Description of the task: Once you reach the line with "说书人特性:扬名立万(入队后帮助主角额外获得15%名声经验)" in the material below, copy each line exactly up to and including the line with "以鄂爾多斯草原作為創(chu", and skip the pictures.

Material to process:
[Start of section]

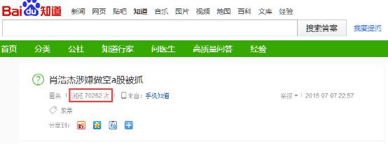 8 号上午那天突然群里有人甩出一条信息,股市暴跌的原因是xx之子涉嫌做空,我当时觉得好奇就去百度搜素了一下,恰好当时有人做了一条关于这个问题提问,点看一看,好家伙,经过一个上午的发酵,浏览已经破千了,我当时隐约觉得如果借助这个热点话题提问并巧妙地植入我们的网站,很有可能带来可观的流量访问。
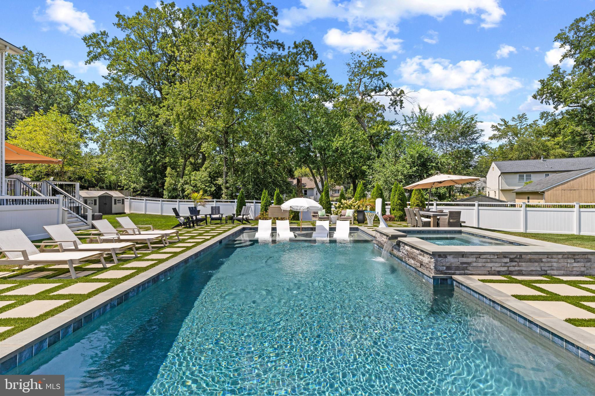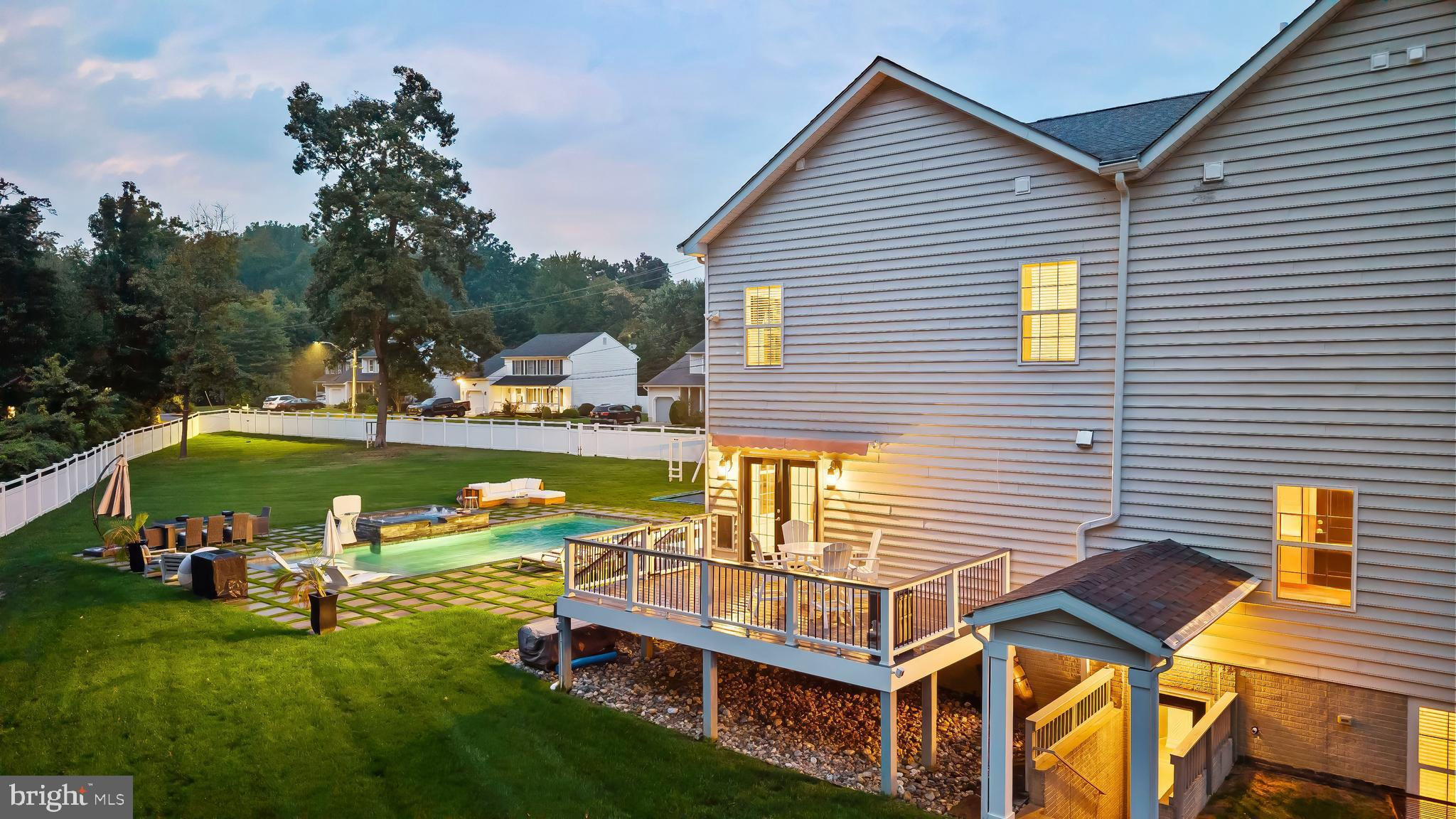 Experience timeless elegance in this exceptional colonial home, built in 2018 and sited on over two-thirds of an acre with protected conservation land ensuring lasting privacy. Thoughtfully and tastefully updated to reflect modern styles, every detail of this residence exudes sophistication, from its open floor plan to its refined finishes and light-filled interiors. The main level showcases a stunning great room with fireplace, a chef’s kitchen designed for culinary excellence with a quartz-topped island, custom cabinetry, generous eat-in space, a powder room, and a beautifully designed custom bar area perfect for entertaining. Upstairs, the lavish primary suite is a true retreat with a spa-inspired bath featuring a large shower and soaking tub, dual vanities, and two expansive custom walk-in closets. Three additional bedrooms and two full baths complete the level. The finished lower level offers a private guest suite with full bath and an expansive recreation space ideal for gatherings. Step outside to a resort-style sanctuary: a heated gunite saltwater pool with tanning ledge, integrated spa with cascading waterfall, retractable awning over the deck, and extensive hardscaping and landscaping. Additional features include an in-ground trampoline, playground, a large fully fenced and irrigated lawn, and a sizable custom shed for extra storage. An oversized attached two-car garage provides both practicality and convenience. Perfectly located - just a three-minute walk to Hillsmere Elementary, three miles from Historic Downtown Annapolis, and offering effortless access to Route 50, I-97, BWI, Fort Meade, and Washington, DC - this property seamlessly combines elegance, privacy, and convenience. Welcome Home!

[End of section]
[Start of section]

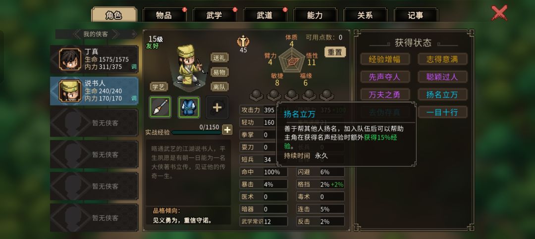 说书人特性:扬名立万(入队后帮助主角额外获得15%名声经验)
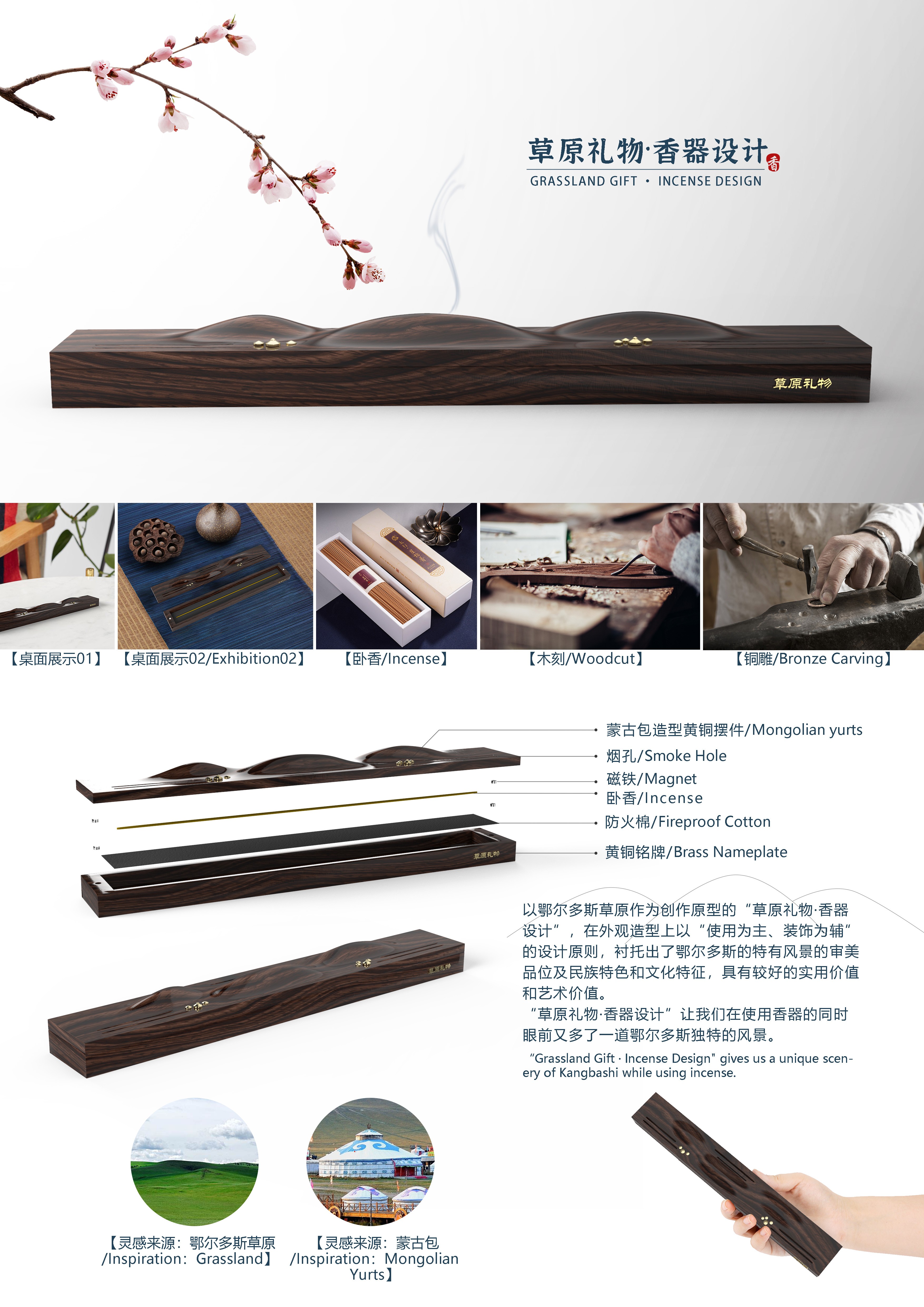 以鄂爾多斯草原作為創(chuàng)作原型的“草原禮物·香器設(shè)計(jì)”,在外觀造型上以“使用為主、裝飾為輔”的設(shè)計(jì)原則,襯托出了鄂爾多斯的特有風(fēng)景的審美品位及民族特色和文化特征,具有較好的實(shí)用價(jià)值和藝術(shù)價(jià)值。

[End of section]

Expected answer:
 说书人特性:扬名立万(入队后帮助主角额外获得15%名声经验)
 以鄂爾多斯草原作為創(chuàng)作原型的“草原禮物·香器設(shè)計(jì)”,在外觀造型上以“使用為主、裝飾為輔”的設(shè)計(jì)原則,襯托出了鄂爾多斯的特有風(fēng)景的審美品位及民族特色和文化特征,具有較好的實(shí)用價(jià)值和藝術(shù)價(jià)值。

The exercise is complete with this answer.